The continuous search for more bioactive and biocompatible ingredients has led cosmetic peptides to establish themselves as powerful and innovative tools for skin care, as they offer solutions to a variety of skin problems.

The main use of peptides in cosmetics is to prevent skin aging, both when caused by intrinsic factors, such as the natural degradation of the collagen and elastin matrix, or extrinsic factors, such as aging caused by UV rays.
The mechanics of this action are extremely variable, from the generation of collagen to the inhibition of metalloproteases, from antioxidant and anti-inflammatory effects to the suppression of elastase, hyaluronidase or neurotransmitters linked to involuntary muscle micromovements (hyperkinesis) of the subcutaneous layer that contributes to the formation of wrinkles.
Recent research has also discovered that certain peptides have wound-healing and tissue-regenerating properties. Other peptides are used as antimicrobials, to reduce or eliminate skin spots, or, in the case of lipopeptides, as surfactants.
Use of peptides in modern cosmetics
Peptides are used in cosmetics and especially in cosmeceuticals, with a wide range of functions:
- from transport,
- to signaling,
- to inhibition of neurotransmitters or enzymes.

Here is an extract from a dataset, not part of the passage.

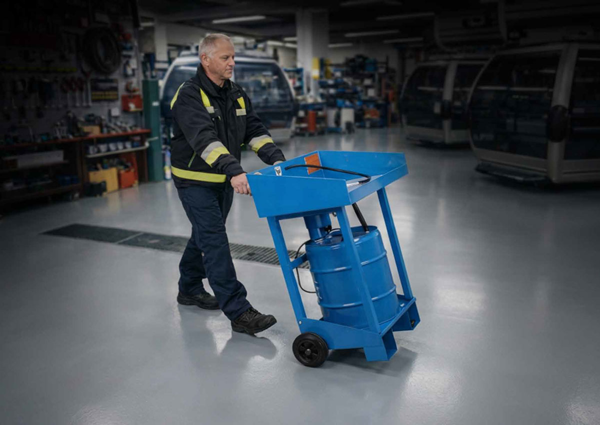 Typ 2 ist ebenfalls mit Deckel erhältlich (Leitfaden Brandschutz Seilbahnen) und arbeitet dermatologisch unbedenklich. Als optionales Zubehör ist die Auffangwanne verfügbar – zur sicheren Rückhaltung von Reinigungsflüssigkeiten und für zusätzlichen Umwelt- und Betriebsschutz.
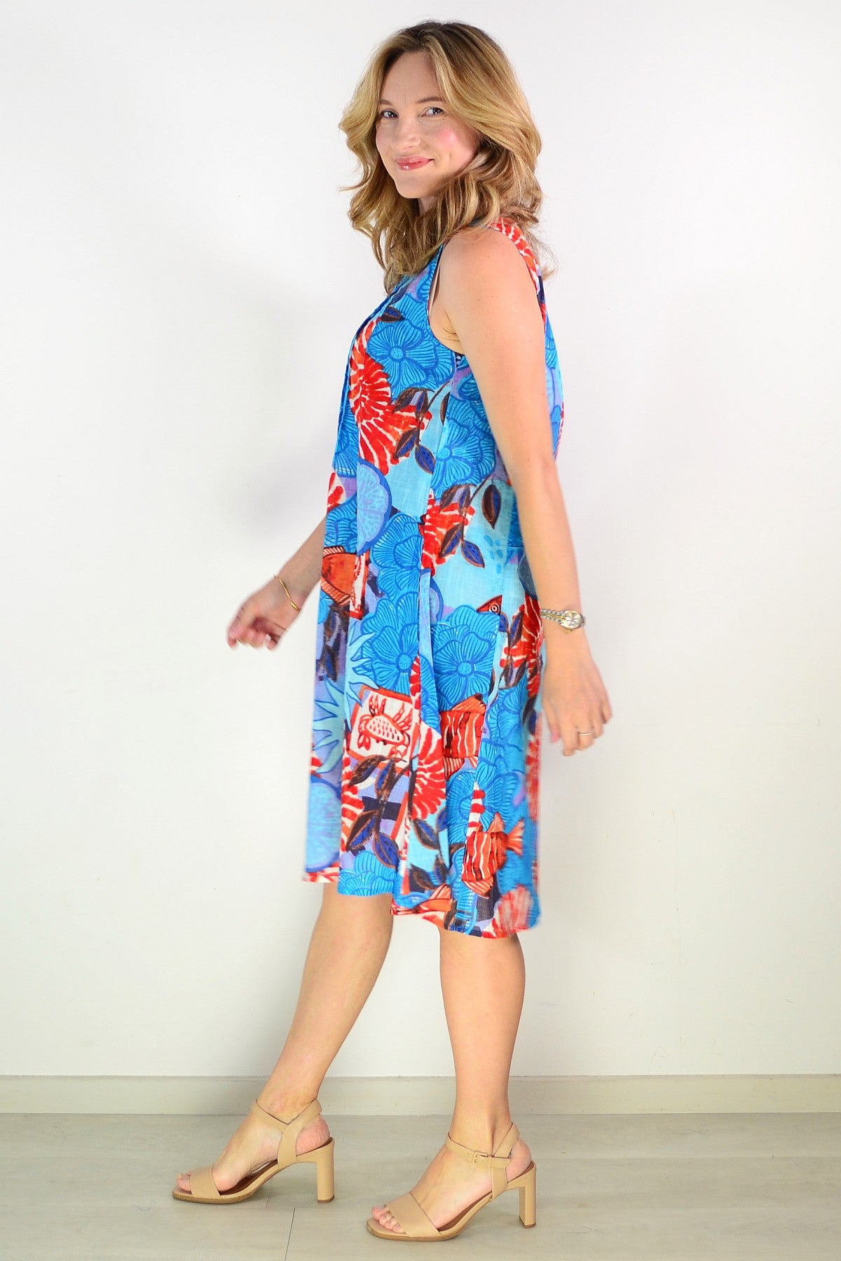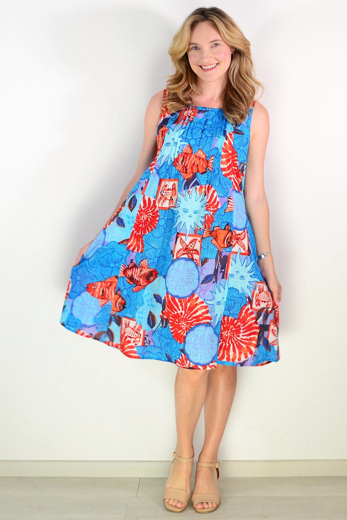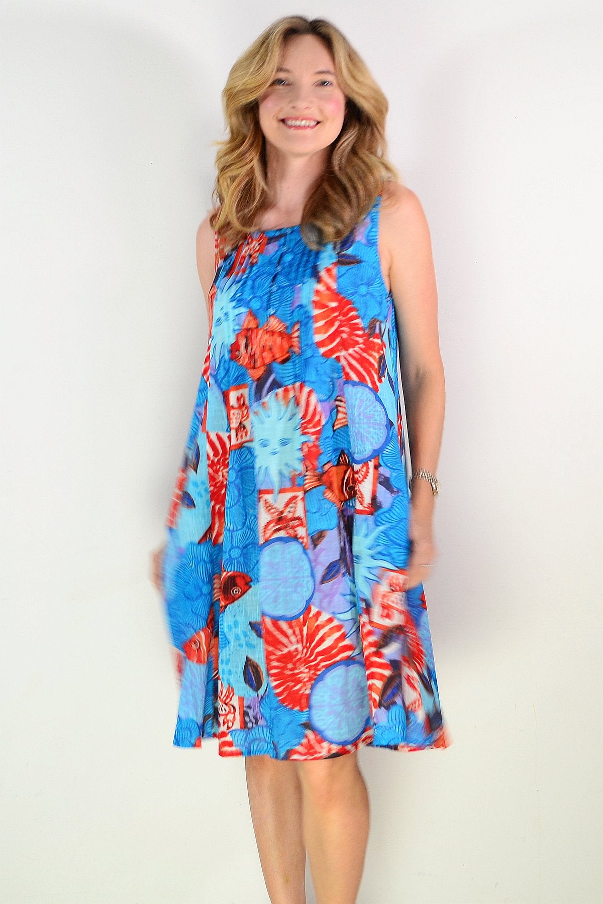 Regular price $69.00Embrace effortless elegance with the Estelle Crew Neck Sleeveless Tunic Dress, a sophisticated take on bohemian style. Crafted from pure 100% cotton, this piece features a captivating ocean-inspired print showcasing seahorses, lobsters, and starfish in striking coral and blue hues. The relaxed A-line silhouette flows beautifully with a tiered skirt, while the crew neckline, front button details, and subtle pleats add refined structure. Sleeveless and breathable, it's the perfect companion for warm-weather adventures with understated charm.

However, these peptides also have some deficiencies, the major one being their low membrane penetration capability and, consequently, a poor bioavailability. Peptides are also not particularly stable, even if there are ways to increase both of these factors. A further problem of peptides is the possibility of allergic reactions. In Europe, the use of peptides in cosmetics is controlled by Regulation (EC) No. 1223/2009 and its subsequent updates and additions.

In conclusion, the use of peptides in cosmetics and cosmeceuticals is very promising, despite the deficiencies that they present, and the number of fields in which they can find applications is constantly growing.
The possibility of deriving these peptides from natural sources, such as plants, algae and other marine organisms, instead of producing them synthetically, is also of great interest. More specifically, hydrolysates derived from plants and microalgae, if subsequently purified, can have various applications.